Doug Ellin, the creator of the renowned HBO series “Entourage,” visited Drexel Oct. 16 to discuss the show and provide insights as to how he got into the entertainment industry. The Bossone Research Center’s Mitchell Auditorium was filled to capacity with diehard fans and curious spectators who may have never seen a single episode. For over an hour and a half, Ellin captivated the crowd before him with stories and jokes that left all who came satisfied and glad that they went.
The event opened to a big round of applause as Ellin took the stage. The crowd was then shown a 10-minute segment of an HBO tribute episode to “Entourage.” The special showed how Ellin had a close relationship with the actors who portrayed Turtle, E, Vince and Johnny Drama, as well as original audition tapes of those same actors. After the clip was finished, Karen Curry, the interviewer, questioned Ellin at length regarding how the show got started, casting, and where he got his inspiration for the characters themselves and the outrageous storylines. For instance, after HBO agreed to do the show, Ellin spent two and a half years writing multiple drafts of the pilot episode before HBO liked one enough to begin shooting it. And as for where he got his inspiration, Ellin said that his and executive producer Mark Wahlberg’s friends from high school and his experiences back home provided the ideas behind both the characters and plotlines of each episode.
As the interview continued, Ellin began to open up more about the origins of some of the show’s more remarkable characters and episodes as well as how the show gained such widespread popularity. From the get-go, Ellin said he wanted to cast Jeremy Piven for the role of fast-talking agent Ari Gold. Piven turned out to be a perfect fit for the exuberance and guile that the character had, and he went on to win three Primetime Emmy Awards for Best Supporting Actor in a Comedy Series in his role as Ari. Another unique story is about how Adrian Grenier found himself being cast as the show’s lead character, Vince. As it turns out, Grenier used to be an intern in Wahlberg’s manager’s office and only got into serious acting when that manager, Stephen Levinson, recommended him for the role of Vince on “Entourage.”

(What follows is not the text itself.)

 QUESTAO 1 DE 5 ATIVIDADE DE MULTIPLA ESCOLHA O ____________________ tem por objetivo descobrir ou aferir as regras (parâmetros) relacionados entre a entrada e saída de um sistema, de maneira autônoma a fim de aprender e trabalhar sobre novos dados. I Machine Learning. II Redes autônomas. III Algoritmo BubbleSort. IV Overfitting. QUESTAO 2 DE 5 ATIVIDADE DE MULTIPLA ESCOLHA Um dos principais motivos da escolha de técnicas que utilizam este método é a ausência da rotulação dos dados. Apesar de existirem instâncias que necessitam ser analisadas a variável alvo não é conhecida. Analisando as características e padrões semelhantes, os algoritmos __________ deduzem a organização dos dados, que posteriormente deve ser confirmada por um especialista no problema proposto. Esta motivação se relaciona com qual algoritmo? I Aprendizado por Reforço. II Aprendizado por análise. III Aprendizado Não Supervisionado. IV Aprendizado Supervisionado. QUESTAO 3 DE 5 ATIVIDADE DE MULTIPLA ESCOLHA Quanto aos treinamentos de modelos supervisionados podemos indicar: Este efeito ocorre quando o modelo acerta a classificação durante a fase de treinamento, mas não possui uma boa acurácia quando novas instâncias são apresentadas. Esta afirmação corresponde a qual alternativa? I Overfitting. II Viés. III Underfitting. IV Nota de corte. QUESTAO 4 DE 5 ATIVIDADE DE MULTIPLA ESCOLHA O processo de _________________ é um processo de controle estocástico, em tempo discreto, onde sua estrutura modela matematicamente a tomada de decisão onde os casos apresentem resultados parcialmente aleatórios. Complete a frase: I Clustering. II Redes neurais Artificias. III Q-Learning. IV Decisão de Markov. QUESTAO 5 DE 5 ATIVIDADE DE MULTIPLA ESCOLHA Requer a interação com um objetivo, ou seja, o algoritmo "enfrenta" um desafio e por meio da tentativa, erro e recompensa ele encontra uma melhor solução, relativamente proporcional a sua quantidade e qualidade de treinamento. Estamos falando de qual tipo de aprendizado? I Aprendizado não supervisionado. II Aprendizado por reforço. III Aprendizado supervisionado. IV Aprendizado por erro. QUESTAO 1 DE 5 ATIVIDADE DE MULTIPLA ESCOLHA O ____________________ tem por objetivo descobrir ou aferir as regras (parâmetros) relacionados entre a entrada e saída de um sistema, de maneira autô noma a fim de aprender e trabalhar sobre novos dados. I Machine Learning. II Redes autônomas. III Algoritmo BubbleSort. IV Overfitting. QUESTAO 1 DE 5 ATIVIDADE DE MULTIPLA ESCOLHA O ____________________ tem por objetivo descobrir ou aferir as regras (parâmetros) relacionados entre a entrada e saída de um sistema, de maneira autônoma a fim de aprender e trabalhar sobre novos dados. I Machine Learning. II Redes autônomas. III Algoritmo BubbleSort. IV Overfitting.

Later on in the discussion, Ellin pondered about how “Entourage” turned out as popular as it did. The main theory that he posed was that everyone could relate to at least one of the members of the “entourage.” Most people could look through their group of friends and just say, “Well, he’s definitely our Turtle” or “He’s got a little Johnny Drama in him,” because viewers could connect so easily with the people they saw on television.
The second half of Ellin’s visit was spent doing a lively question-and-answer segment. Dozens of people raised their hands in hopes of getting to ask Ellin a question, but only 15 or so were lucky enough to be chosen. Questions ranged from what his current favorite TV shows are (“Breaking Bad,” “Homeland” and “Mad Men”) to how Bob Saget and Gary Busey are in person (Saget is a nice guy, Busey is a little eccentric), and finally what it was like to be on the set the day the series finale was shot (extremely emotional). Ellin talked about how he started out working in the mailroom of a production company and got noticed by a major executive while doing stand-up comedy, thus leading to his big break into film and writing.
Ellin’s closing statement told students that if they want to break into the entertainment industry they should have some skills and make sure that they are doing what they love. Ellin himself seemed to be enjoying where he ended up as he was swarmed by adoring fans with memorabilia in hand after the event ended.
The Kal and Lucille Rudman Institute for Entertainment Industry Studies hosted the event.